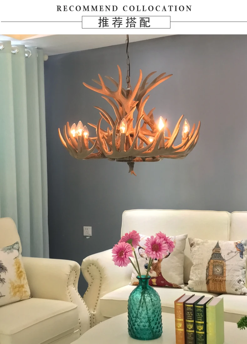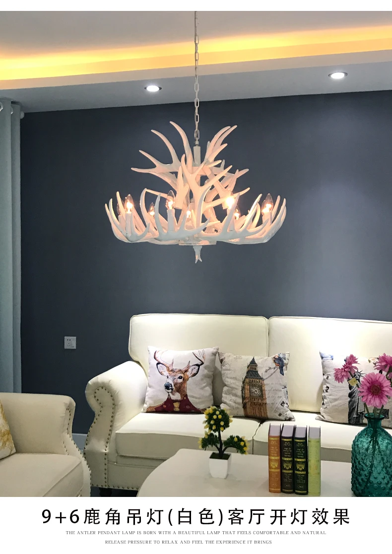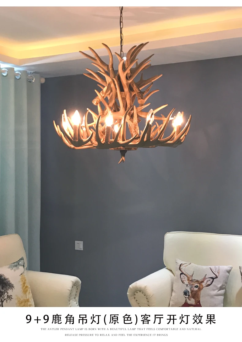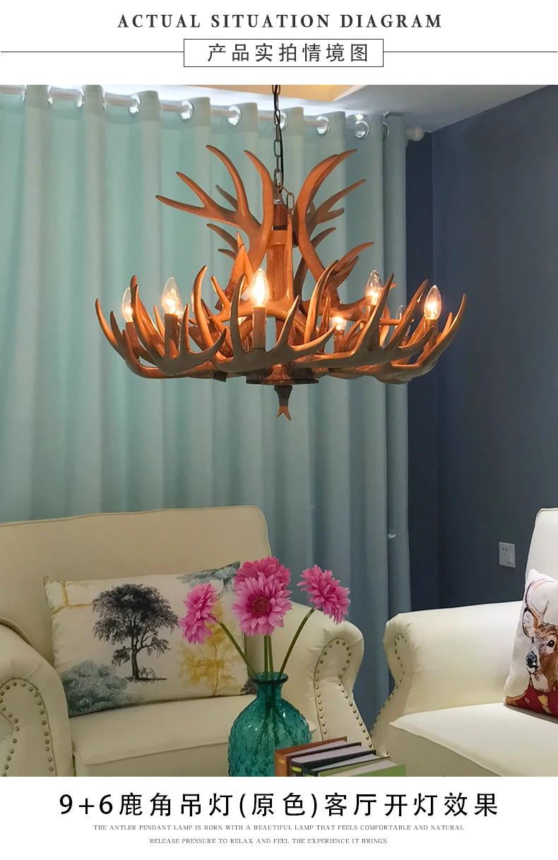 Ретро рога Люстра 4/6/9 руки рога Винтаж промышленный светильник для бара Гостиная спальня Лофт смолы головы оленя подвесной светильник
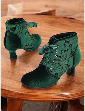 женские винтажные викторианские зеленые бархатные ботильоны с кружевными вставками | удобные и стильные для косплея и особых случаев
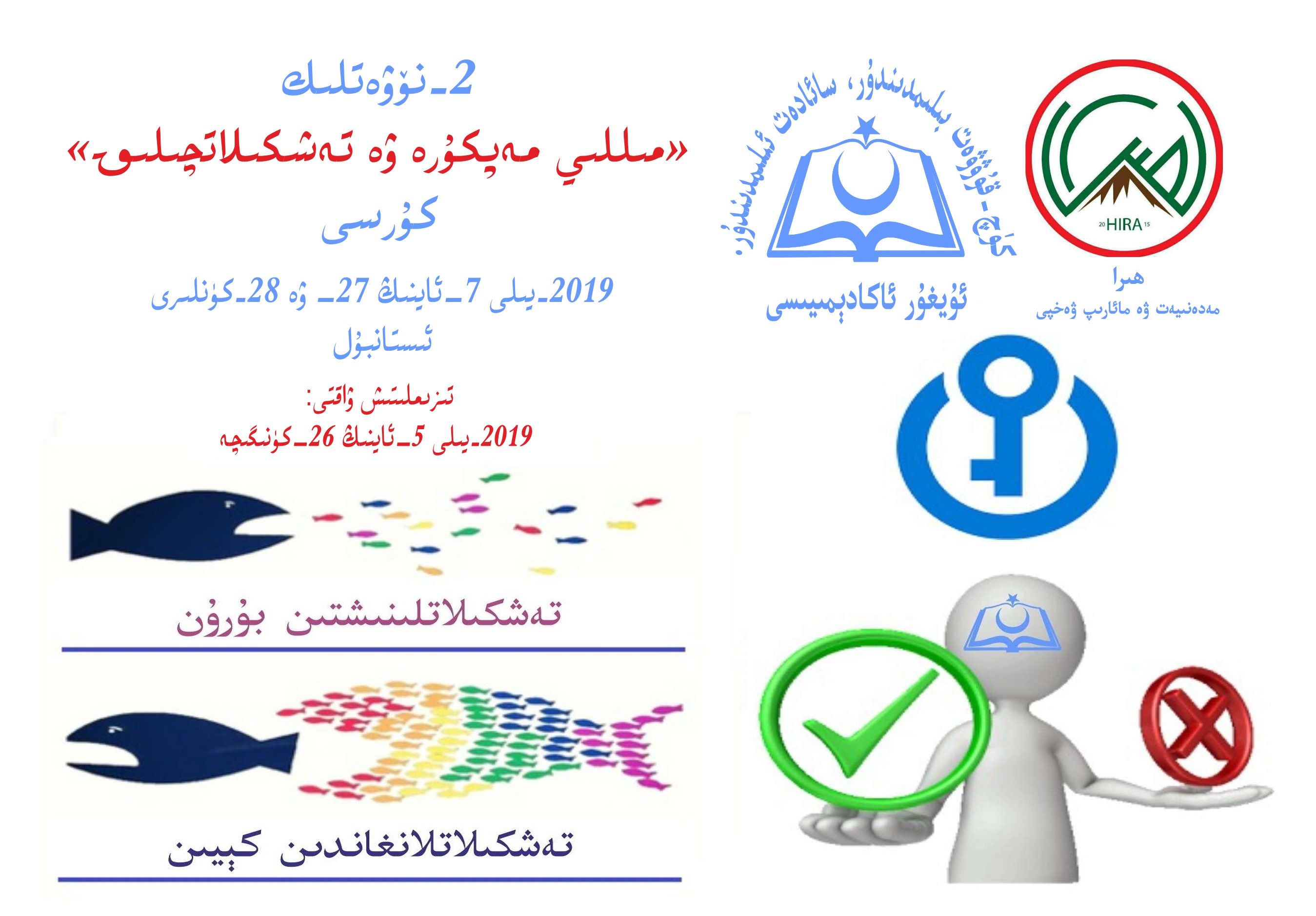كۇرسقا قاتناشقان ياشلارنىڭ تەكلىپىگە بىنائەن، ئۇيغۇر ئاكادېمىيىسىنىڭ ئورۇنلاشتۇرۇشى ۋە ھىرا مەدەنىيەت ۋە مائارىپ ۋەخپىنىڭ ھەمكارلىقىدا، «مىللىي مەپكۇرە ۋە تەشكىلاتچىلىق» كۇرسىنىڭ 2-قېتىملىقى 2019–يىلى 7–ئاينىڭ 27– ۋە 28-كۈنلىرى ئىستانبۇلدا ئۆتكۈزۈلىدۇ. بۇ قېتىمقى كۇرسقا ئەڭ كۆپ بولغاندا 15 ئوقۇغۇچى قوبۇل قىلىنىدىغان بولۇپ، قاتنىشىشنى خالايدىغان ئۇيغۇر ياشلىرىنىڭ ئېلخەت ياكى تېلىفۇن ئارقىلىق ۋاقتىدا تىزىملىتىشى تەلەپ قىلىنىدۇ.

What is required –
Each line above should be output exactly, apart from the pictures.

Result of the task –
 Ретро рога Люстра 4/6/9 руки рога Винтаж промышленный светильник для бара Гостиная спальня Лофт смолы головы оленя подвесной светильник
 женские винтажные викторианские зеленые бархатные ботильоны с кружевными вставками | удобные и стильные для косплея и особых случаев
كۇرسقا قاتناشقان ياشلارنىڭ تەكلىپىگە بىنائەن، ئۇيغۇر ئاكادېمىيىسىنىڭ ئورۇنلاشتۇرۇشى ۋە ھىرا مەدەنىيەت ۋە مائارىپ ۋەخپىنىڭ ھەمكارلىقىدا، «مىللىي مەپكۇرە ۋە تەشكىلاتچىلىق» كۇرسىنىڭ 2-قېتىملىقى 2019–يىلى 7–ئاينىڭ 27– ۋە 28-كۈنلىرى ئىستانبۇلدا ئۆتكۈزۈلىدۇ. بۇ قېتىمقى كۇرسقا ئەڭ كۆپ بولغاندا 15 ئوقۇغۇچى قوبۇل قىلىنىدىغان بولۇپ، قاتنىشىشنى خالايدىغان ئۇيغۇر ياشلىرىنىڭ ئېلخەت ياكى تېلىفۇن ئارقىلىق ۋاقتىدا تىزىملىتىشى تەلەپ قىلىنىدۇ.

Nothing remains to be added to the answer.